Mike Ragogna: Ryan, Yellowcard has a new album Lift A Sail that features the singles “One Bedroom,” “Make Me So,” and “Transmission Home.” How would you say this album differs creatively from what’s come before?
Ryan Key: Well I guess the first thing to say is that it is not a pop punk record. I don’t want it to come across as if we have an agenda to turn our backs on the scene that got us where we are. We are so grateful to the pop punk community for everything it has given and continues to give Yellowcard. That said, I have always felt that “genrification” of art in any form is restrictive. When we started writing the songs for Lift a Sail, we knew that we are heading in a new direction creatively, and one we were very excited about. So we didn’t worry about a genre or a scene. We wrote from our hearts. We took a lot of chances on the record. I believe it is a collection of songs that have high stakes. I like to describe the record saying, it’s as if all of our favorite ’90s alternative bands and Coldplay had a love child and named it Lift a Sail.
MR: Speaking of what’s come before and being a long time member, what are some of your favorite Yellowcard highlights of the last few years?
RK: It has been such an incredible ride back to where we are from where we started in 2011. Some of my favorite moments include Soundwave Counter Revolution Tour in Australia, getting to tour the world with one of my oldest and closest friends, Sean O’Donnell, Chicago Warped Tour 2012, and now the writing and recording of Lift a Sail.
MR: Creatively, how would you compare Yellowcard’s approach these days to when you all first started out? What’s changed the most and what’s remained constant?
RK: We have a better understanding and focus when it comes to songwriting. I think we have also gotten better at building full records. We don’t write as much in a live rehearsal space type of setting. We know how to build the foundation of a song and demo it up before we go into the studio. We didn’t have the tools to write that way when we started out. What has remained constant is that almost all of our ideas begin on an acoustic guitar. So while we may not be jamming the ideas as a full band as much before we record them, everything still comes from a very organic place.

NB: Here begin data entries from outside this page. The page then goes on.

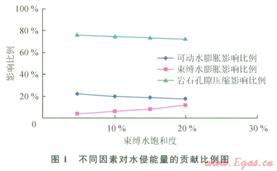 為了定量認(rèn)識前述3種岡素對水侵能量的影響程度,參照開展過相關(guān)研究的實際氣藏情況,計算預(yù)測不同束縛水飽和度條件下地層壓力從原始狀態(tài)的60MPa降到l0MPa后可動水彈性膨脹、束縛水膨脹及儲層孔隙壓縮引起的體積變化在水區(qū)總體積變化巾所占比例(圖1)。結(jié)果顯示,地層壓力降低后儲層孔隙壓縮效應(yīng)對水侵能量的貢獻比例最高,因此依據(jù)式(3)可得到估算極限水侵量在可動水體儲量中所占比例的近似公式。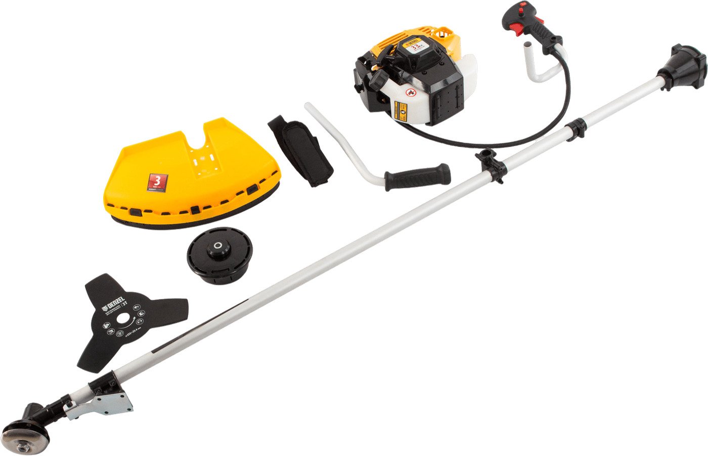 | Комплектация | - триммер бензиновый - 1 шт, - катушка - 1 шт, - нож трехлопастной 3Т - 1 шт, - одноплечевой ремень - 1 шт, - дозатор для приготовления смеси - 1 шт, - набор крепежа - 1 шт, - набор инструментов - 1 шт, |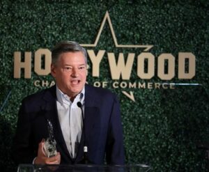 Netflix Co-CEO Ted Sarandos accepts the 2022 Economic Development Visionary Award during the Hollywood Chamber of Commerce 2022 Economic Development Summit in Los Angeles, California, U.S., August 25, 2022. REUTERS/Mario Anzuoni/FILE PHOTO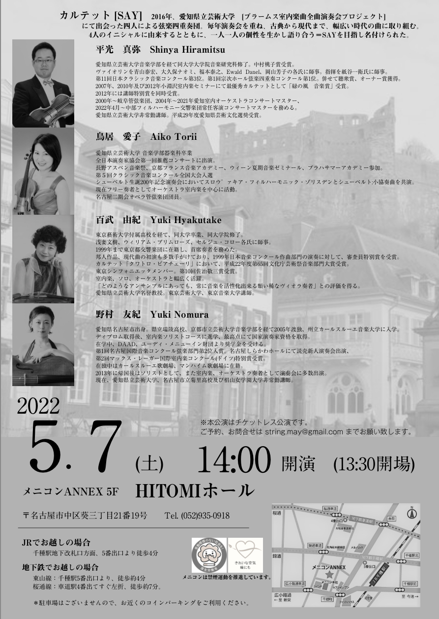 平光真弥(Vn)、鳥居愛子(Vn)、百武由紀(Vla)、野村友紀(vc)

MR: What about your abilities personally? How have you grown as an artist from your experience of being with Yellowcard?
RK: I would say what I have worked on most is my voice. I wish someone would have told me when I was young that being in a band was going to be more than a weekend hang, and that I would be singing for people all over the world. I studied theater most of my life until I joined Yellowcard in 2000. Ironically the part I enjoyed the least was musical theater. In 2006 I had to have surgery to remove a cyst from my vocal cord. Ever since then I have been working hard to really improve as a vocalist. I think I still have a long way to go, but I feel much better about my singing voice than ever before.

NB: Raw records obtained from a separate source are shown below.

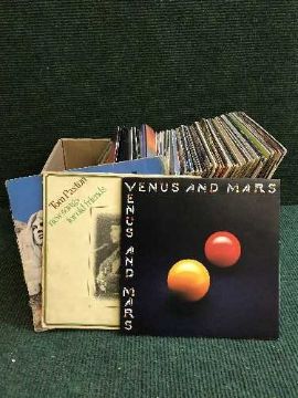 A box of LP records - Tom Paxton, Bruce Spingsteen etc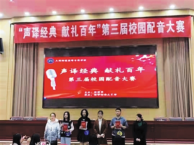 本报讯 (记者 解慧) 近日,大同师范高等专科学校第三届校园配音大赛在校图书馆报告厅举办。11位从初赛和复赛中脱颖而出的同学各显神通,大放异彩,展开了一场精彩纷呈的比拼。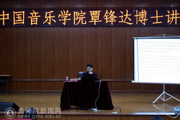 本网讯 11月26日下午,中国音乐学院在读博士覃锋达在beat365英国官网网站音乐舞蹈学院六楼音乐厅举办讲座。本次讲座由beat365英国官网网站音乐舞蹈学院党委副书记朱晨刚主持,音乐舞蹈学院音乐学专业师生和贵阳市乌当区各中小学以及乌当区少年宫音乐教师听取了讲座。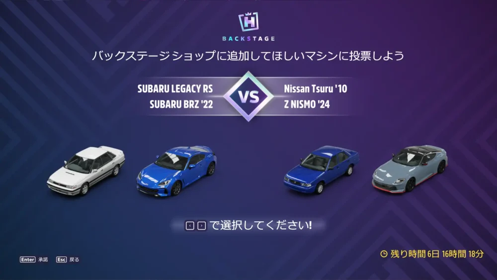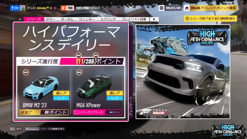 宝探し。Ford Focusでテストコースのイベントに入り、何かしらのアップグレードを適応して抜けるです。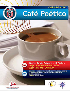 Jueves 27 de mayo "Jueves Literario" del Círculo Carlos Mondaca Cortés invita a participar en la "Muestra Literaria 2010" de autores nacidos o residentes en la Región de Coquimbo. La actividad se llevará a efecto en el Salón Manuel Magallanes Moure, Edificio Secreduc, Avenida de Aguirre 260, La Serena. Para contacto e información: cmondaca.ls@hotmail.com | La Serena ![]() |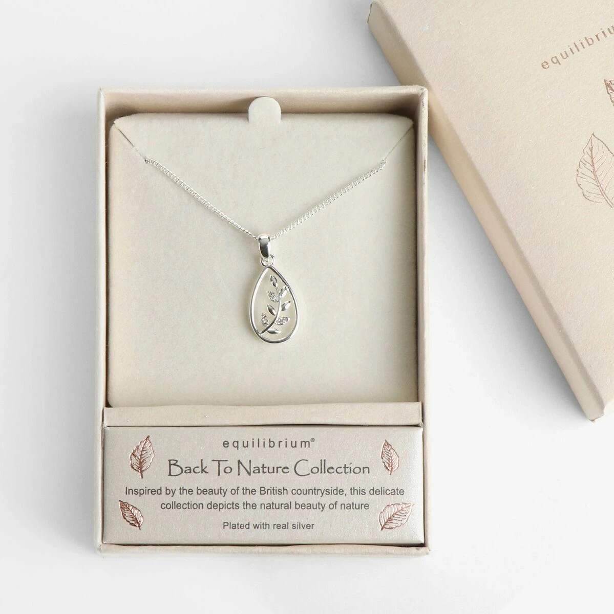 This stunning silver plated necklace from Equilibrium is perfect for any nature lover who wants to add a touch of class and elegance to their outfit.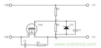 VZ1為穩(wěn)壓管防止柵源電壓過(guò)高擊穿mos管。NMOS管的導(dǎo)通電阻比PMOS的小,最好選NMOS。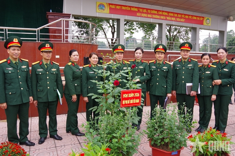 与上述比赛内容并行的还有新春花卉比赛,吸引了全校各单位和妇女协会的积极参与。所有花盆和小景观都是由学员和妇女会员亲手栽培和照料的,展现了他们的巧妙、细心以及对劳动的热爱。尤其是,许多创新作品由塑料瓶、金属罐、木材碎片等回收材料制成,既增添美感,又提高环保意识,并在军队环境中推广绿色、节约的生活方式。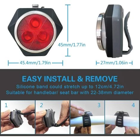 Installation et dmontage facileGrce la sangle lastique en caoutchouc,cette petite lumire vlo puissante peut s’adapter toutes les parties d’un vlo et tous les genres de bicyclettes comme cyclisme, vlos de route, VTC, VTT. Set d’eclairage vlo LED peut tre install en quelques secondes et pas besoin d’outils. .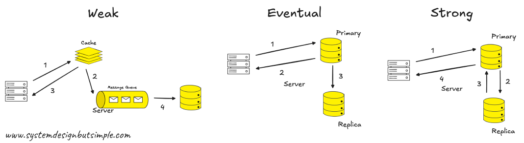 Weak Consistency – No guarantees that a read will return the latest write. It's fast and available but may return stale data. Useful for VoIP, video chat, and realtime multiplayer games.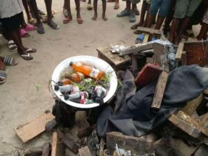 An Eye Witness, Ununuma Bidemi Edward-Odoi said the angry youths tried all they could to burn down his building in order to set victims in chains free but the building couldn’t catch fire so they broke it down instead.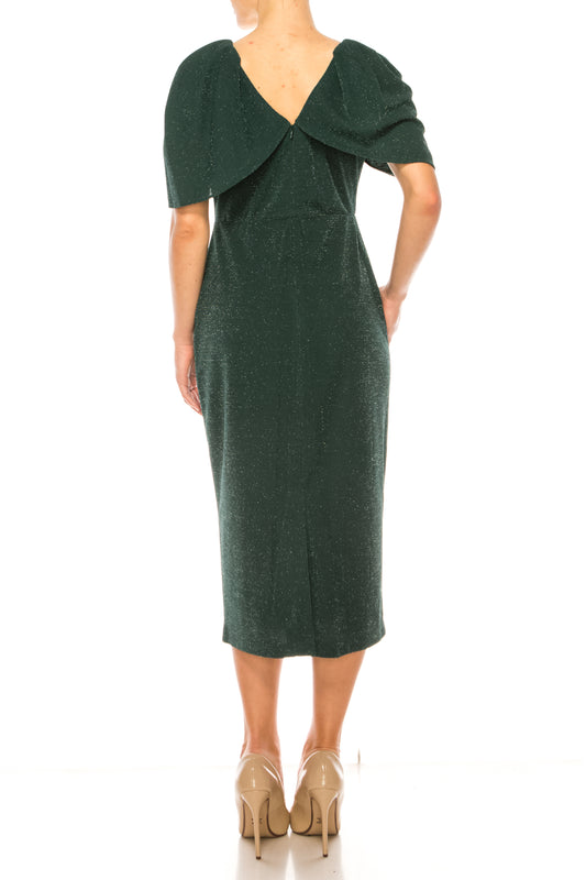 Maison Tara Metallic Capelet Sleeve Midi Dress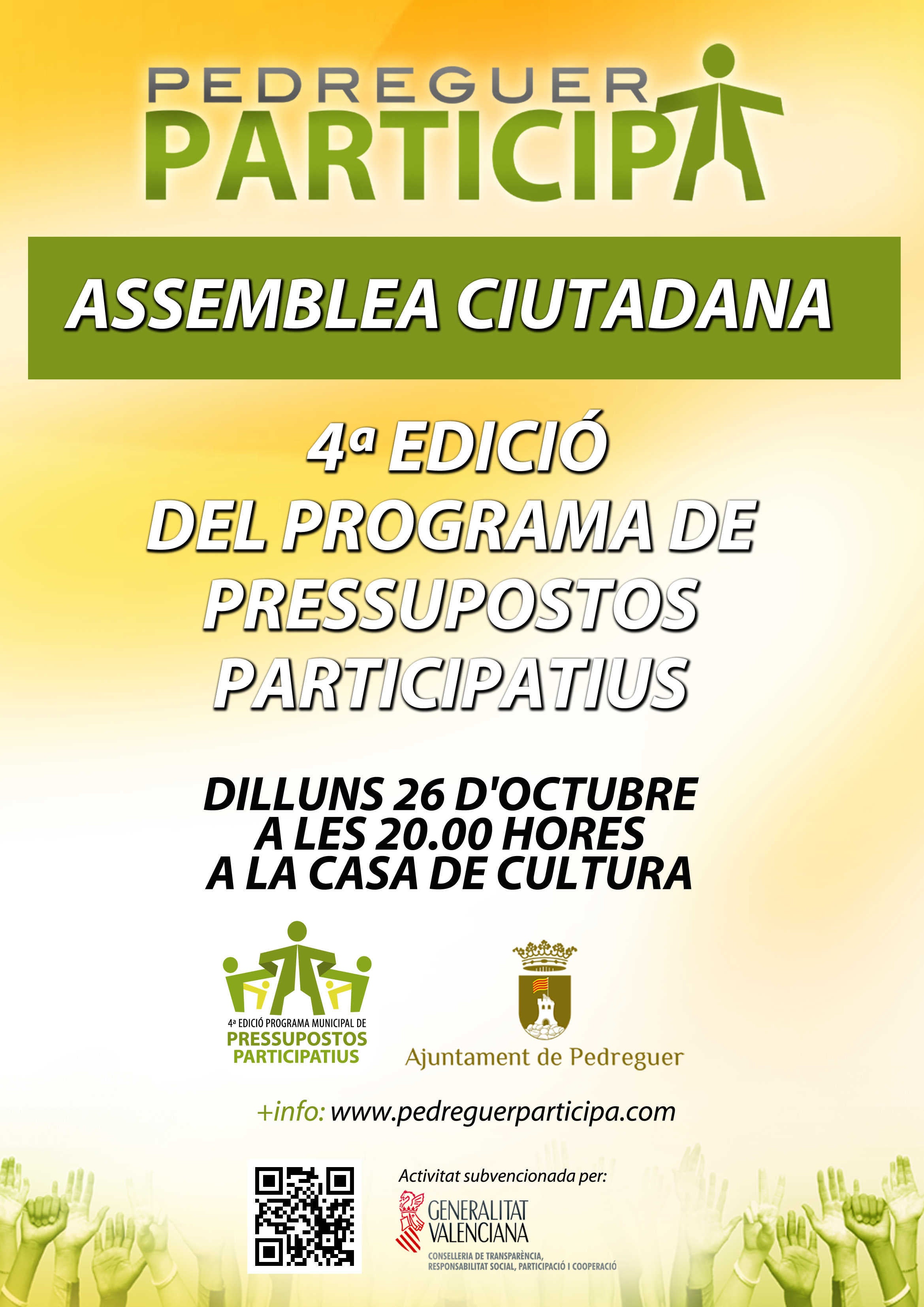 Així, el proper dilluns 26 d’octubre, a les 20 h i a la Casa de la Cultura, tindrà lloc l’assemblea ciutadana de preselecció de les propostes que seran sotmeses a votació durant les setmanes següents.

MR: Yellowcard used to be partly be classified as “punk.” Does punk as a genre even exist these days or has it been essentially absorbed into hardcore?
RK: It absolutely exists. One of the biggest American bands on rock radio, Rise Against, is an example of punk music still being very visible. We came up in a scene of music that was such a mixed bag and often had the word “punk” attached to it. I hope that I know what punk rock is, both as a genre and as a lifestyle, and both have always made me wonder why Yellowcard got that label.

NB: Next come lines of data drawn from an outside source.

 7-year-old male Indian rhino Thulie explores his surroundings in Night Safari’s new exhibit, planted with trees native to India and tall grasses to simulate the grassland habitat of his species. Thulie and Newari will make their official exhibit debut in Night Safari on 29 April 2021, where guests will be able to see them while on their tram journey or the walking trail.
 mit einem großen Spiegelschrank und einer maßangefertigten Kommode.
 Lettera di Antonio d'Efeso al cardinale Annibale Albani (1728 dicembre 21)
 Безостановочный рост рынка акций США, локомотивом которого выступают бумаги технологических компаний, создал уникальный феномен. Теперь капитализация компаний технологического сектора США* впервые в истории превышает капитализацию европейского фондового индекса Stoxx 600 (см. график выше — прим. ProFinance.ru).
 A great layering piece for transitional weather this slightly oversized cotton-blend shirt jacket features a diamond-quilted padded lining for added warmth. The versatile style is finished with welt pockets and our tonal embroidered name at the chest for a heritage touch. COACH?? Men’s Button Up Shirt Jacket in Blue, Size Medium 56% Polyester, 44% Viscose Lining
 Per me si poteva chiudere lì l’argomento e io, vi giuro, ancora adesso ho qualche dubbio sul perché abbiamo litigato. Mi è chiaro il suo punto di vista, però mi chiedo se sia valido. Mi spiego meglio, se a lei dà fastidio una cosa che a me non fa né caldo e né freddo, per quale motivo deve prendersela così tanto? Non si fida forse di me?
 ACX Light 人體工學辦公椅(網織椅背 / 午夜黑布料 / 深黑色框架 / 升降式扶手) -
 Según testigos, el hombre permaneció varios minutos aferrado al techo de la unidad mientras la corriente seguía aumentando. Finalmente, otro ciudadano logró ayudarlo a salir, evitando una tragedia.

MR: How do you see Yellowcard’s importance in the music scene these days?
RK: I’m not really sure. I guess longevity? I think as an outsider looking in it is cool to see a band that has been touring and making records for close to 20 years. I am so grateful that we are still able to function at such a high level. I could never have imagined it would carry me this far. I hope we are an example to younger bands that you can reach your goals.
MR: Yellowcard seems to be a constantly growing and evolving band with band members departing and new arrivals coming in. How does that affect the creative processes like writing, recording and performing and its overall cohesiveness?
RK: It can be different depending on the situation. The truth is it is never an enjoyable thing to go through that. It has been our choice to keep most of those details to ourselves in the best interest of everyone involved. I will say that Ryan Mendez, Sean Mackin, and myself have found a really solid place as a team. We are all looking forward to the future.
MR: What advice do you have for new artists?
RK: While social media is more important than ever, I still offer the same two pieces of advice. One, play as many shows as possible no matter where they are or how many people show up. Your live performance is the foundation for everything you will do moving forward. It is also the best way to connect with fans on a personal level. Sorry but a high five on the barricade is still better than a personalized tweet to me. Two, the bigger your safety net is, the more likely you are to use it. This is an incredibly challenging journey. The temptation to give up is always around you. So in my opinion you have to make your music the only option.
MR: What are Yellowcard’s plans for the future?
RK: We just want to keep climbing. It’s always been our dream to see how far we can go. So we will keep touring and making records until there is no more opportunity for us to do so.